Provided material —

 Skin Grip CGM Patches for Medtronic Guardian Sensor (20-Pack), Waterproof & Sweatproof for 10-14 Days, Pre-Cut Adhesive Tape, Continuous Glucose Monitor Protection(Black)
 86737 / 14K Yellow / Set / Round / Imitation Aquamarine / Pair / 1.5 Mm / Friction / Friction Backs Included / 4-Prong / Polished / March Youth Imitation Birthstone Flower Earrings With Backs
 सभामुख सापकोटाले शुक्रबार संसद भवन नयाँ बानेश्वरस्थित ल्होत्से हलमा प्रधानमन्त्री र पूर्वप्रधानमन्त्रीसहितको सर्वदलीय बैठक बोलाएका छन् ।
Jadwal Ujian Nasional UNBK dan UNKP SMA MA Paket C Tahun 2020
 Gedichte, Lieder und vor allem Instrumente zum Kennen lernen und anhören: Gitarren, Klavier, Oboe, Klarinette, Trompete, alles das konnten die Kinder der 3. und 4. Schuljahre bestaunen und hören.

* * *

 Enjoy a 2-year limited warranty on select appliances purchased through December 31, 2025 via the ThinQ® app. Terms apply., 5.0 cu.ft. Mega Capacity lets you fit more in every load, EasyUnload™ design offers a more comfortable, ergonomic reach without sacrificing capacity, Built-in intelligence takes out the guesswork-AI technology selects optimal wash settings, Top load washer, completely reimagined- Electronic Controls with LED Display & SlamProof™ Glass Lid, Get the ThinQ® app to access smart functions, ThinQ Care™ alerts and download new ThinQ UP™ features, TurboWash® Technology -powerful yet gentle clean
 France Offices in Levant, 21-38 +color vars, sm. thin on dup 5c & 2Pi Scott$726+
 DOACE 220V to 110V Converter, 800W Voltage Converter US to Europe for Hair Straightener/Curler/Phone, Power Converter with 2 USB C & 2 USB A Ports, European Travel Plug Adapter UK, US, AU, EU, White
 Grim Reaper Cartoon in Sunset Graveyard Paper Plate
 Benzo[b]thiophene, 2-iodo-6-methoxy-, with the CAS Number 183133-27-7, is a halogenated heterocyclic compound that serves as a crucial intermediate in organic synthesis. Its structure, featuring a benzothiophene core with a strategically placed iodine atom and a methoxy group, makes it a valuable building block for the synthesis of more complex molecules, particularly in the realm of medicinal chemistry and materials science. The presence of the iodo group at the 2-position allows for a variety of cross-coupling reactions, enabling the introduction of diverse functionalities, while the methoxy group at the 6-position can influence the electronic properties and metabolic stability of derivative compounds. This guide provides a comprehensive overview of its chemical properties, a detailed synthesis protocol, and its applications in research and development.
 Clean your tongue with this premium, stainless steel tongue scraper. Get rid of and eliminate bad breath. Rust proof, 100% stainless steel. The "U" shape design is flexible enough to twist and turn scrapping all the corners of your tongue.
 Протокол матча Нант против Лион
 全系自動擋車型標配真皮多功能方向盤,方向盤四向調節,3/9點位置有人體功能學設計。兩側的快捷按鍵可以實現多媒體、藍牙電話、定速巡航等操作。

---

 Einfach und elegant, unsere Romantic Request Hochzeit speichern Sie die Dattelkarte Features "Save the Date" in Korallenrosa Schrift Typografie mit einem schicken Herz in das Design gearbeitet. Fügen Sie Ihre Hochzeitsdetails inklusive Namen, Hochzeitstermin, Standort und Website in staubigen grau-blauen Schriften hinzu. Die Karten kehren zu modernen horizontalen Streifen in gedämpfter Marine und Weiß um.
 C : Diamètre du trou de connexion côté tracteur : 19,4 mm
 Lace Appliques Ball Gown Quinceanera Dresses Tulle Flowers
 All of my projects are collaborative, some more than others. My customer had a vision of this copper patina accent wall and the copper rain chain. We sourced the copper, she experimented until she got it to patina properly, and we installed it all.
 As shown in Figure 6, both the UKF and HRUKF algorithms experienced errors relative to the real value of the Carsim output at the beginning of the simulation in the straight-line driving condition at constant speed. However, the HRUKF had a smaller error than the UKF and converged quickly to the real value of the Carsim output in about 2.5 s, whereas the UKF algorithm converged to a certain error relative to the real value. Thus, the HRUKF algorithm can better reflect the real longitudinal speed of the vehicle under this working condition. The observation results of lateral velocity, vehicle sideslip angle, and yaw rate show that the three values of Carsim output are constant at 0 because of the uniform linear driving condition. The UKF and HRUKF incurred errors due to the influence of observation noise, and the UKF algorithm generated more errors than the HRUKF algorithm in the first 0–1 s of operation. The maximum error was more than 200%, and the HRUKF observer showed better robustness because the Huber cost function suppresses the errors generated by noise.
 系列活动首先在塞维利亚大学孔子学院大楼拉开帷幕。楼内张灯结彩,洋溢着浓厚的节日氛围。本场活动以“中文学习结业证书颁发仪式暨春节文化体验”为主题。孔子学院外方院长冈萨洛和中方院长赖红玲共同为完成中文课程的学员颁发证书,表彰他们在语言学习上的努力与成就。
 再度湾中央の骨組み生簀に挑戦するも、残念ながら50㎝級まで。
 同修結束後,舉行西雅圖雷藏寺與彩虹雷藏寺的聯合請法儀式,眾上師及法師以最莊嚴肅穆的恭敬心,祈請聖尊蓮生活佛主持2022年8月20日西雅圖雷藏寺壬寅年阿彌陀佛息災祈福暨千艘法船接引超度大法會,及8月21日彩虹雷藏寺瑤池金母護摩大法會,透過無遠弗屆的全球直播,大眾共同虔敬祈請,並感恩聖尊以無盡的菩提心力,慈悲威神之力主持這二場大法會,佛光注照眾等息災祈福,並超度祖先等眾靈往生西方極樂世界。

Exercise objective — Reproduce word for word the material above, starting with the line that has "All of my projects" and stopping after the line that has "As shown in".

Written reply —
 All of my projects are collaborative, some more than others. My customer had a vision of this copper patina accent wall and the copper rain chain. We sourced the copper, she experimented until she got it to patina properly, and we installed it all.
 As shown in Figure 6, both the UKF and HRUKF algorithms experienced errors relative to the real value of the Carsim output at the beginning of the simulation in the straight-line driving condition at constant speed. However, the HRUKF had a smaller error than the UKF and converged quickly to the real value of the Carsim output in about 2.5 s, whereas the UKF algorithm converged to a certain error relative to the real value. Thus, the HRUKF algorithm can better reflect the real longitudinal speed of the vehicle under this working condition. The observation results of lateral velocity, vehicle sideslip angle, and yaw rate show that the three values of Carsim output are constant at 0 because of the uniform linear driving condition. The UKF and HRUKF incurred errors due to the influence of observation noise, and the UKF algorithm generated more errors than the HRUKF algorithm in the first 0–1 s of operation. The maximum error was more than 200%, and the HRUKF observer showed better robustness because the Huber cost function suppresses the errors generated by noise.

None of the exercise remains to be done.